I fortunately excel in being able to clearly identify each one separately with precise distinction. This second look at Hillary by the State Department is nothing but horse shit being carried out by chicken shits.


----------



## rice paddy daddy (Jul 17, 2012)

Gunn said:


> RPD you are so jaded. How can you even think the State Department will not be fair. You make it sound like the fix is in. Obama's administration has always been so transparent just like he promised 8 years ago. And it is transparent just not like he planned.

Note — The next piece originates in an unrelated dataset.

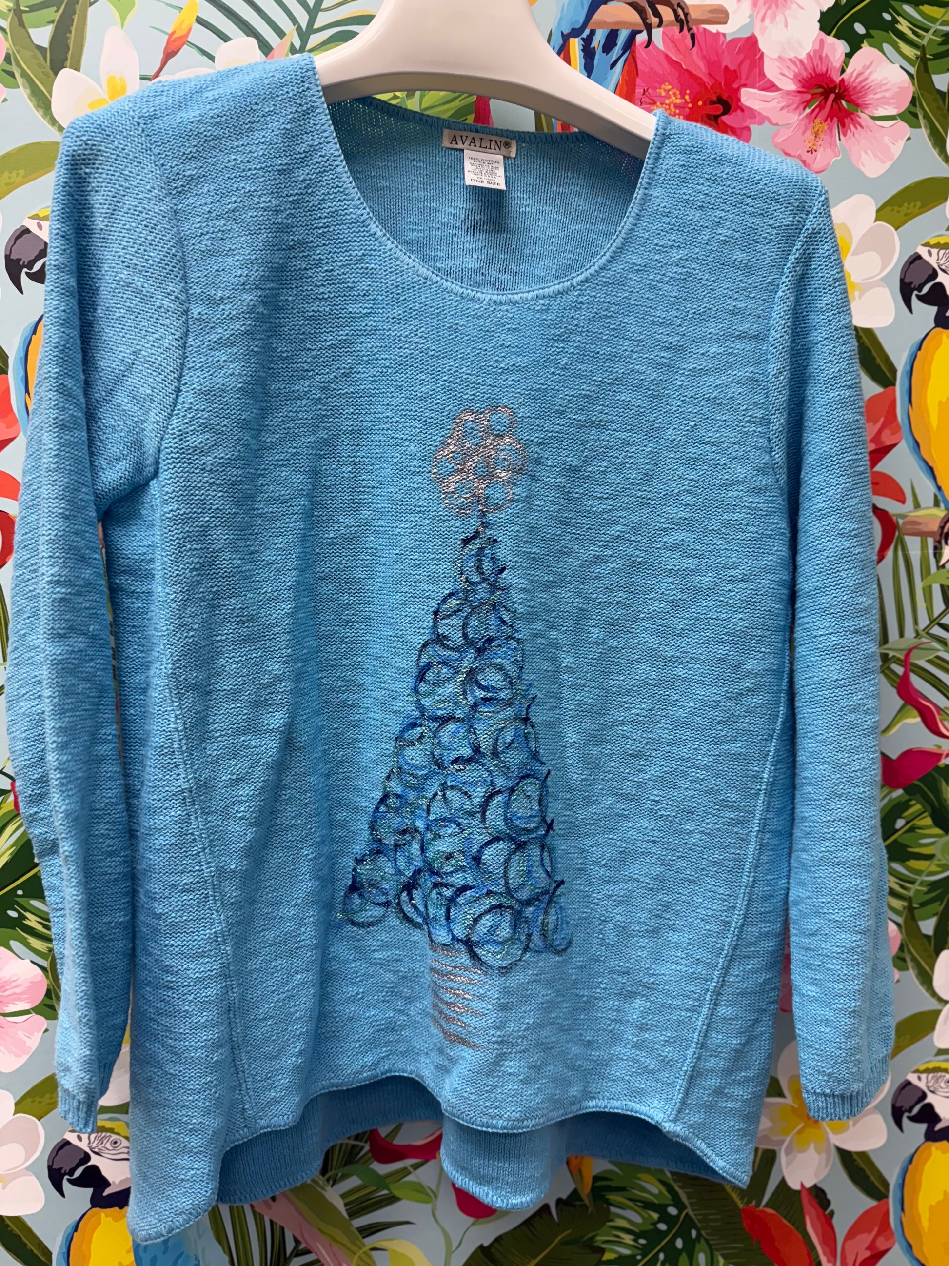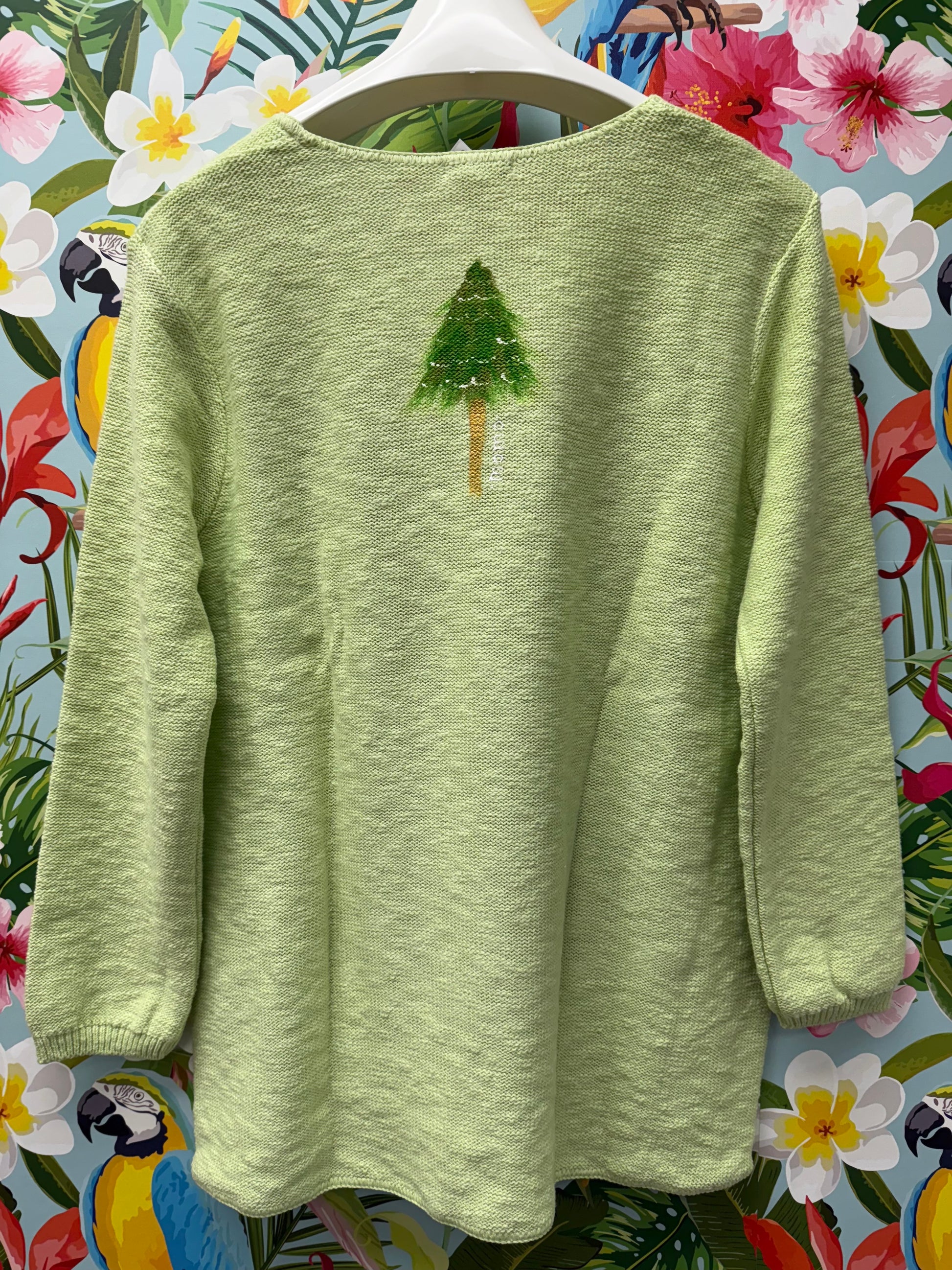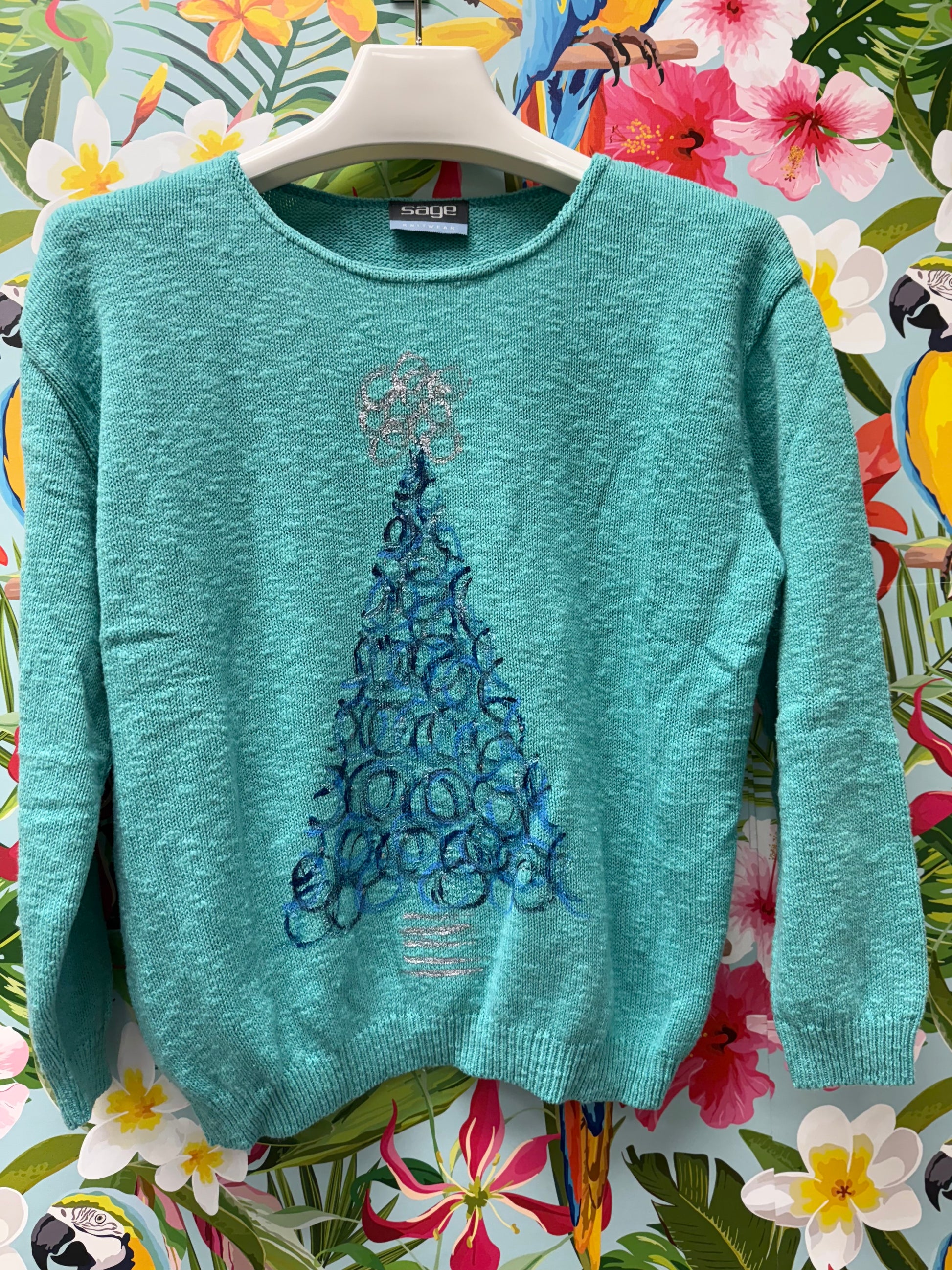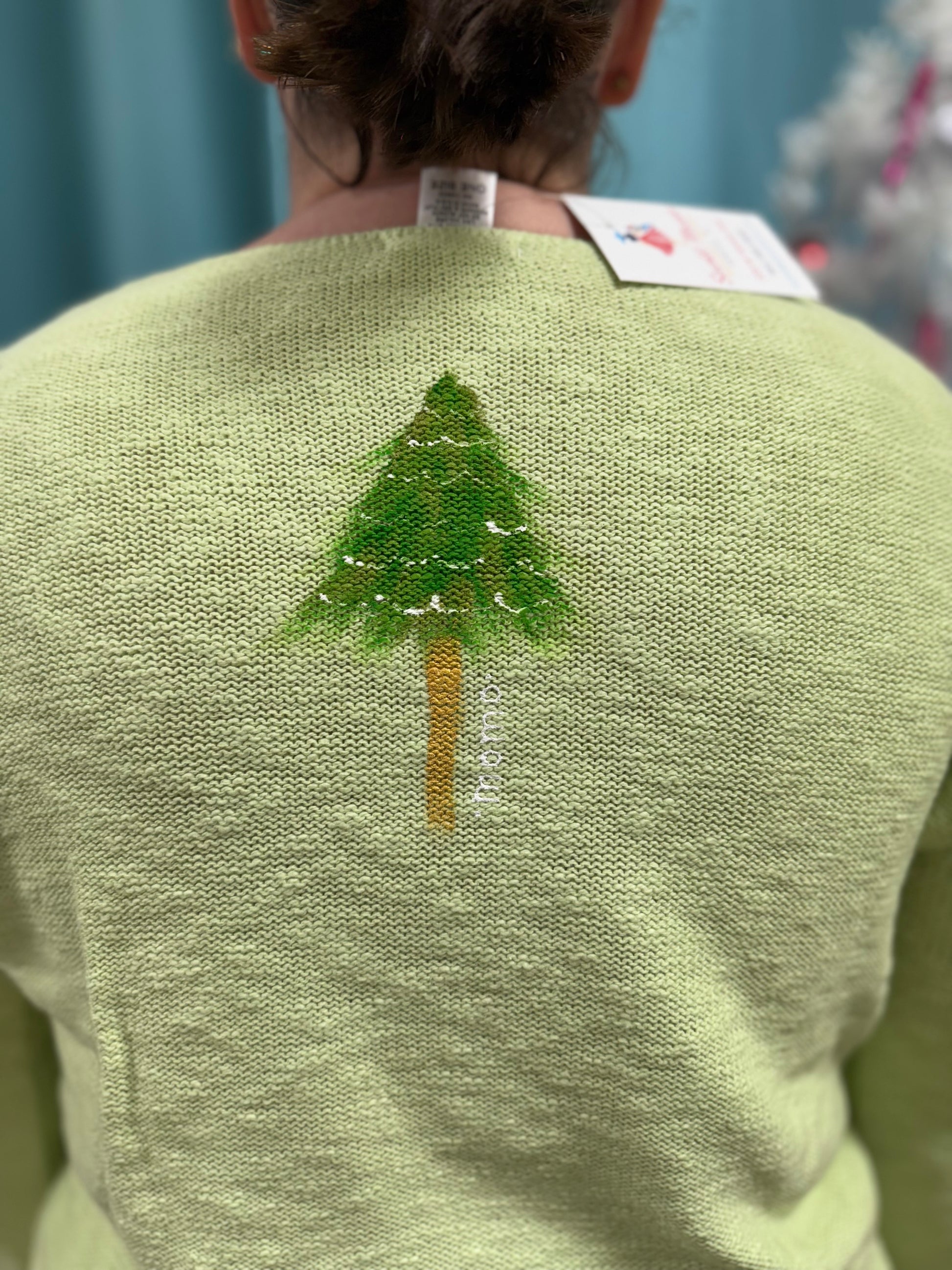 A gorgeous and artsy tree graces the front and back of this fun winter sweater!
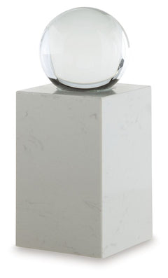 This exquisite sculpture effortlessly combines the purity of clear crystal with the timeless elegance of marble. Contrasting textures and materials create a captivating visual experience, making it a striking focal point in contemporary settings. It's the perfect piece for those who appreciate minimalist design and the beauty of natural elements.

If this is not a waist of our taxes, what is?


It brings to mind an old Army acronym: BOHICA.
(Bend Over Here It Comes Again)


----------



## Camel923 (Aug 13, 2014)

Just a tactic to release a finding of no wrong doing just prior to the general election.


----------



## Targetshooter (Dec 4, 2015)

wonders why things don't go boom in the night ?


----------



## rstanek (Nov 9, 2012)

Nothing will happen, Hillarys corruption goes all the way to the top... Her tentacles are far reaching


----------



## Denton (Sep 18, 2012)

If Trey Gowdey were in charge...


----------



## Old Man (Dec 10, 2012)

Just another dog and pony show.


----------



## Urinal Cake (Oct 19, 2013)

Hmmmm, EVERY news story headline net news was all about This sham of an investigation.....
Then SUDDENLY,
A BLM/Police shooting and it's off the lead news.

Smell that?
Something stinks!


----------



## Operator6 (Oct 29, 2015)

I would've asked Comey why he felt the need to say no reasonable prosecutor would prosecute the case and then you offer nothing to support that statement and on the contrary you give multiple reasons why the case should be prosecuted. 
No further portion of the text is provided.